Paradoxalement, considérer la paternité comme une construction sociale suppose que tous les pères de tous temps développent « naturellement » moins de liens avec leurs enfants que les mères. Hewlet (2001) a comparé le temps que les pères américains et ceux de la tribu des Pygmées Aka de la République centrafricaine passaient avec leurs enfants et il en est arrivé à une intéressante conclusion. Il a trouvé que les pères américains tenaient leurs bébés entre 10 et 20 minutes par jour, tandis que la tendance chez les pères Aka est de tenir l’enfant environ une heure en journée et 25% du temps après le coucher de soleil. Non seulement les pères Aka passent plus de temps avec leurs enfants, mais on a également observé qu’ils le faisaient d’une manière différente de celle des pères américains. En effet, les études américaines mettent l’accent sur l’importance pour les pères de faire des « jeux vigoureux » avec leurs bébés. Les pères Aka, eux, se livrent rarement à de tels jeux. À la place, ils font preuve de tendresse envers leurs bébés en les embrassant, les prenant dans leurs bras et les calmant plus que les mères.

Pourquoi le lien entre le père et l’enfant est-il si évident parmi les Aka ? Pour Hewlet, cela est dû au fait que les pères sont simplement plus présents dans la vie de leurs enfants. L’organisation même de la vie des Aka en est une conséquence, étant donné que les hommes et les femmes s’impliquent souvent ensemble dans les activités nécessaires pour se nourrir.  Le peuple Aka pratique la pêche au filet, activité dans laquelle les hommes, les femmes et les adolescents participent de manière égale.  Ainsi, la division sexuelle du travail est moins stricte dans la société des Akas que dans la plupart des sociétés qui pratiquent la chasse (ou celles qui ne la pratique pas). Le résultat est que les pères connaissent mieux leurs enfants et n’ont pas besoin d’utiliser de forts stimuli afin d’attirer leur attention et d’obtenir une réponse de leur part. (Il est intéressant de noter que, selon l’étude de Hewett, non seulement les pères américains, mais aussi les mères américaines exerçant une activité professionnelle ont moins d’interaction avec leurs bébés et tous deux utilisent avec eux de forts stimuli.)

L’exemple des Aka met en exergue une corrélation intéressante entre le statut des femmes, les rôles parentaux et les idées générales concernant la hiérarchie et l’égalité.
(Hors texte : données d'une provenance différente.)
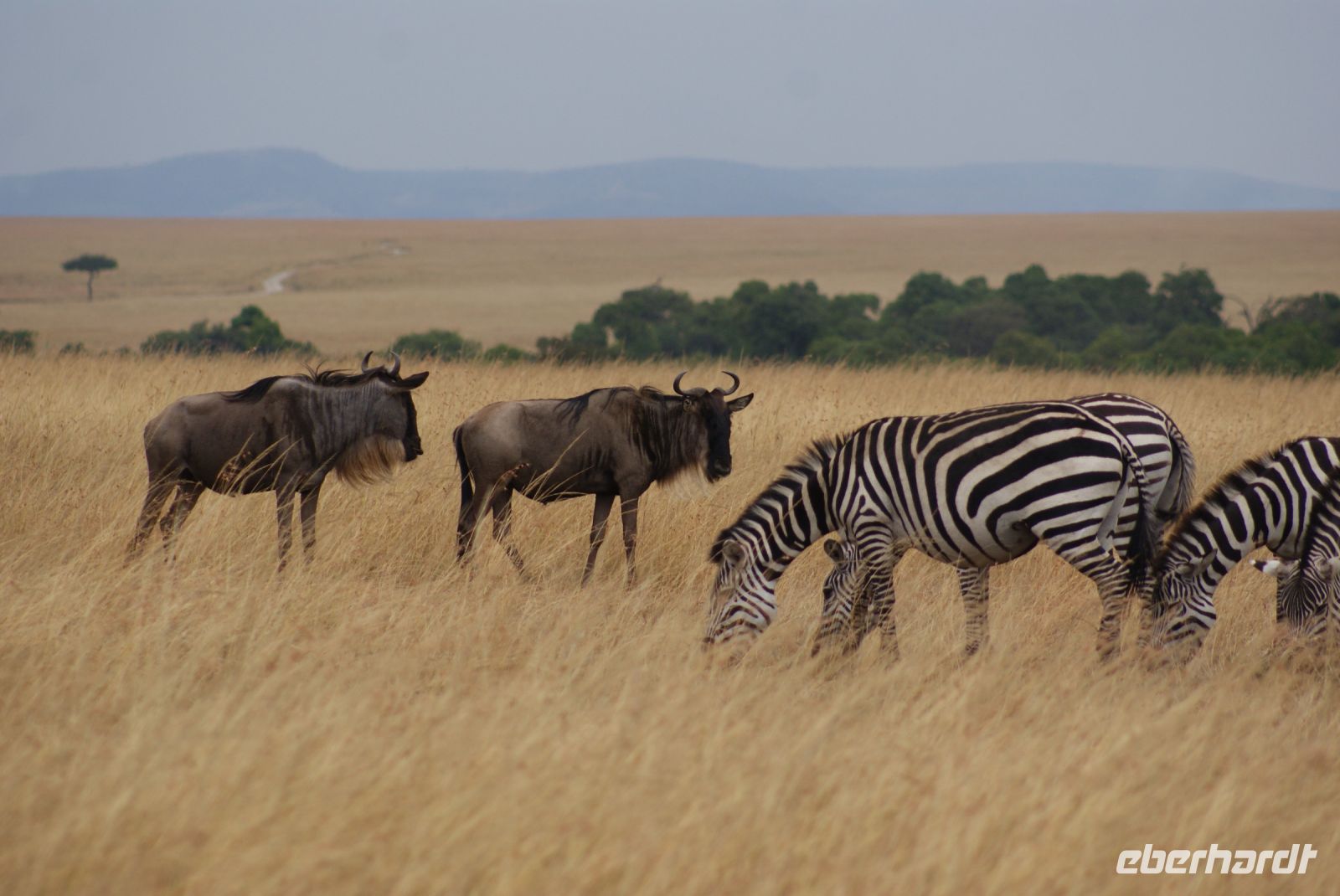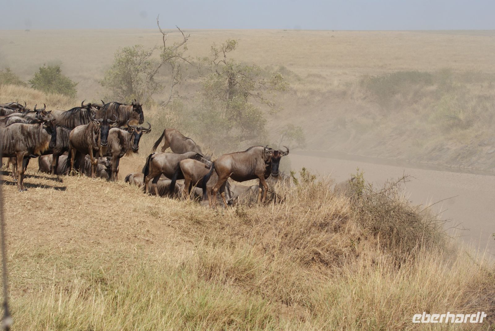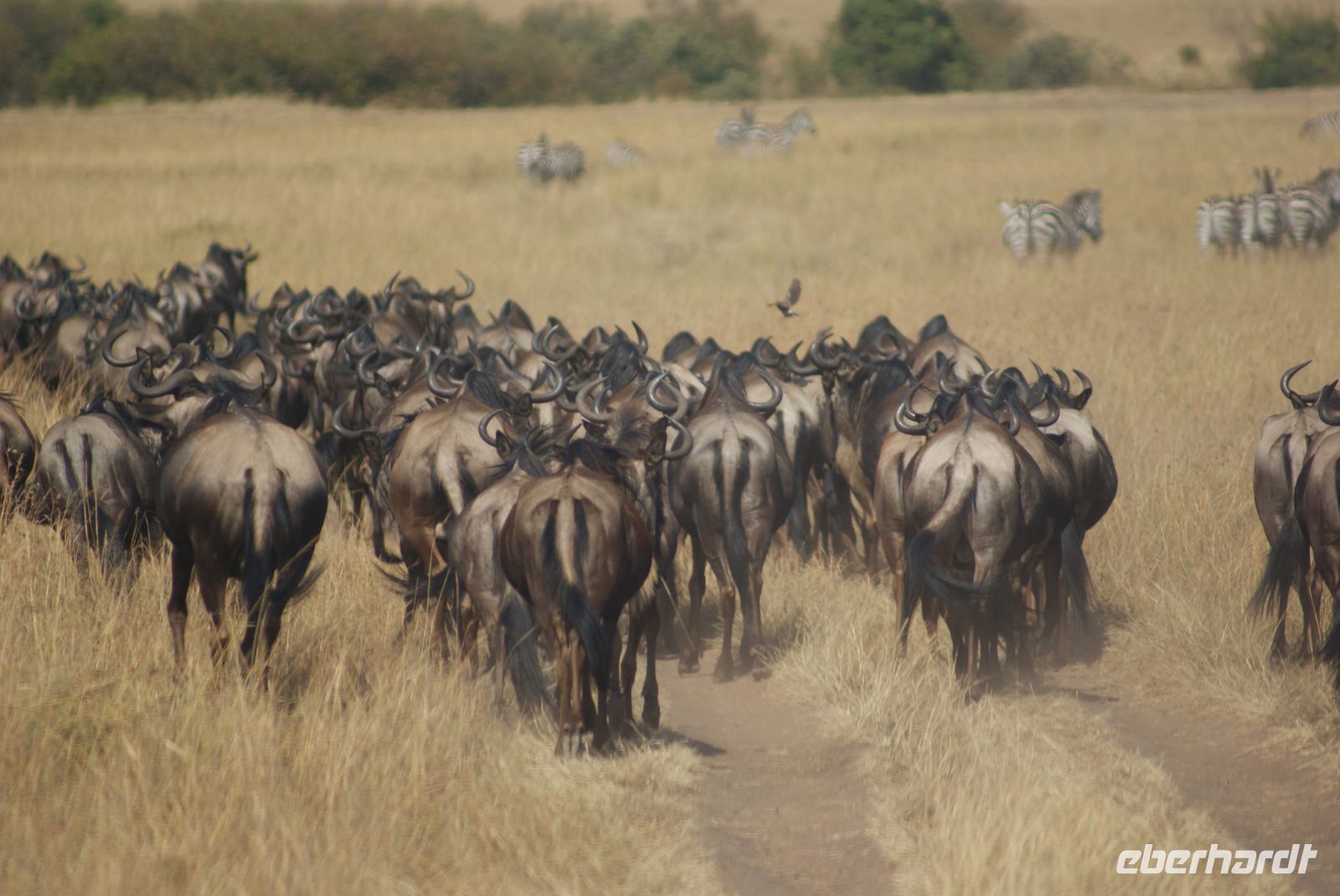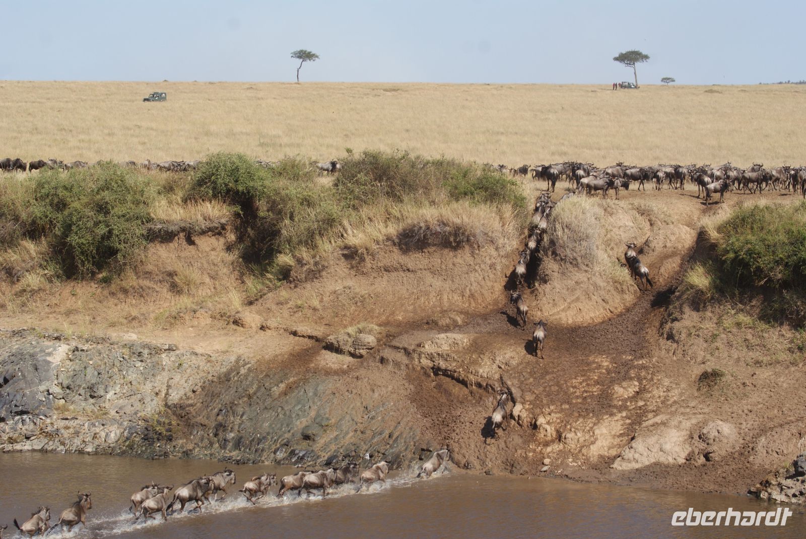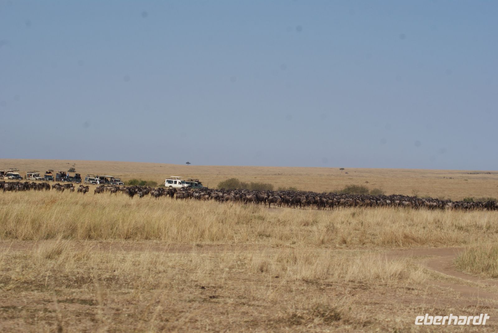 Unser Blick schweift auf den schier endlosen Horizont der Masai Mara...Die Migration der Tiere hat begonnen und tausende Gnus ziehen an uns vorbei, kreuzen den Mara Fluss. Elefantenherden begegnen uns

Les Aka sont notoirement égalitaires, ils ont mis en œuvre plusieurs mécanismes pour maintenir « l’égalité individuelle, intergénérationnelle et de genre » (ce qui leur vaut d’être considérablement méprisés par leurs voisins qui voient dans cette liberté un certain désordre). (Hewlett 1947) Bien que des rôles spécifiques soient attribués aux hommes et aux femmes, l’inversement des rôles n’est en aucun cas considéré comme étrange ou rare et les jeunes garçons comme les jeunes filles sont élevés de cette manière. Cette observation semble confirmer une théorie du genre selon laquelle moins il y a une séparation des rôles sexués fondée sur une stricte division du travail, plus les femmes peuvent vivre dans la liberté et l’égalité. Cela montre également une relation étroite entre le partage des rôles parentaux et l’équité entre les sexes.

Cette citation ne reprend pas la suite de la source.